In all social circles, and even in art circles, there are people who go to the Louvre, walk quickly past a large number of most interesting though secondary pictures, without throwing them so much as a look, and plant themselves, as though in a trance, in front of a Titian or a Raphael, one of those which the engravers art has particularly popularized; then they go out satisfied, as often as not saying to themselves: I know my gallery thoroughly.
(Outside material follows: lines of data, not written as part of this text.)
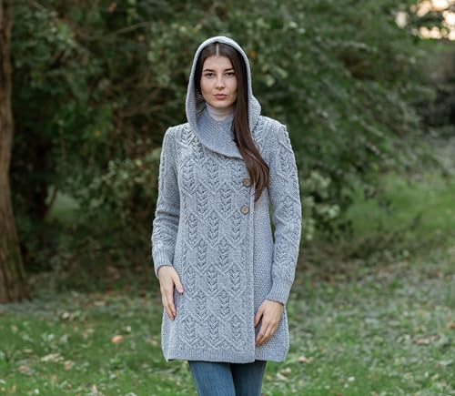 SAOL 100% Merino Wool Women Cardigan Butonned with Hood Aran Leaf Coat Made in Ireland 5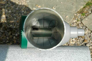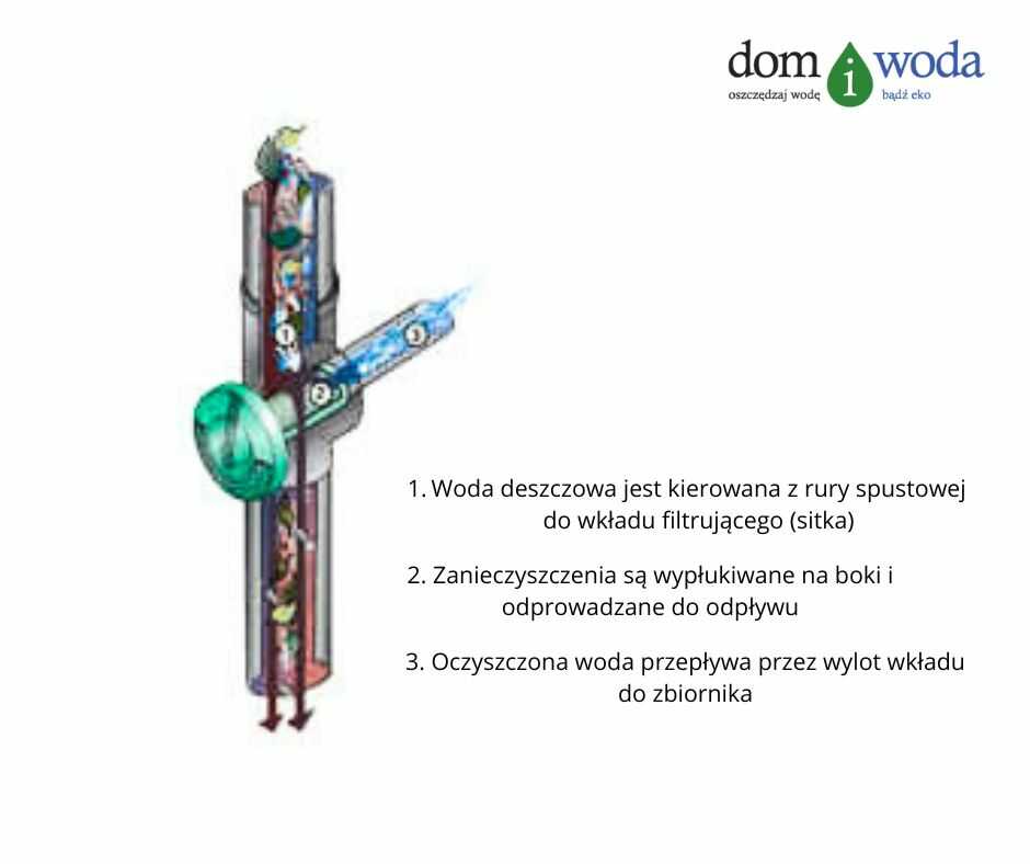 - Woda deszczowa trafia na siatkowy wkład filtrujący.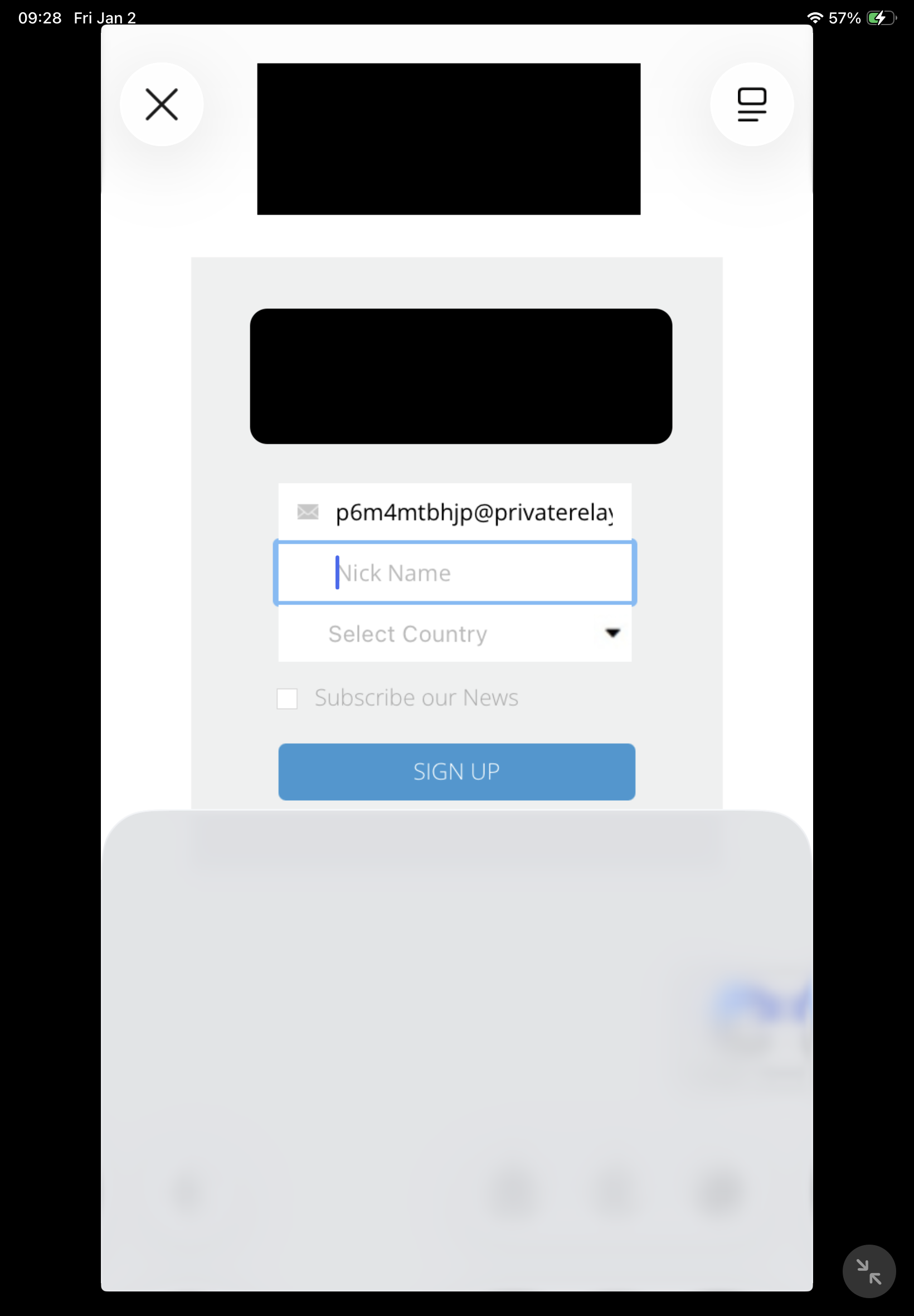 The problematic screen presents a sign-up web page using SFSafariViewController

There are also people who, having once read Bossuet and Racine, think they have got the history of literature at their fingertips.
Happily from time to time knights errant step into the lists critics, art collectors, lovers of the arts, curious-minded idlers who assert that neither Raphael nor Racine has every secret, that minor poets have something to be said for them, substantial and delightful things to their credit, and finally that, however much we may like general beauty, which is expressed by the classical poets and artists, we nonetheless make a mistake to neglect particular beauty, the beauty of circumstance, the description of manners.
I am bound to admit that, for several years now, society has shown some improvement. The value that todays collectors attach to the delightful engraved and coloured trifles of the last century shows that a reaction has begun in the direction needed by the public; Debucourt, the Saint-Aubins and many others have achieved mention in the dictionary of artists worthy of study. But these represent the past, whereas my purpose at this moment is to discuss the painting of our contemporary social scene. The past is interesting, not only because of the beauty that the artists for whom it was the present were able to extract from it, but also as past, for its historical value. The same applies to the present. The pleasure we derive from the representation of the present is due, not only to the beauty it can be clothed in, but also to its essential quality of being the present.
I have here in front of me a series of fashion plates, the earliest dating from the Revolution, the most recent from the Consulate or thereabouts. These costumes, which many thoughtless people, the sort of people who are grave without true gravity, find highly amusing, have a double kind of charm, artistic and historical. They are very often beautiful and wittily drawn, but what to me is at least as important, and what I am glad to find in all or nearly all of them, is the moral attitude and the aesthetic value of the time. The idea of beauty that man creates for himself affects his whole attire, ruffles or stiffens his coat, gives curves or straight lines to his gestures and even, in process of time, subtly penetrates the very features of his face. Man comes in the end to look like his ideal image of himself. These engravings can be translated into beauty or ugliness: in ugliness they become caricatures; in beauty, antique statues.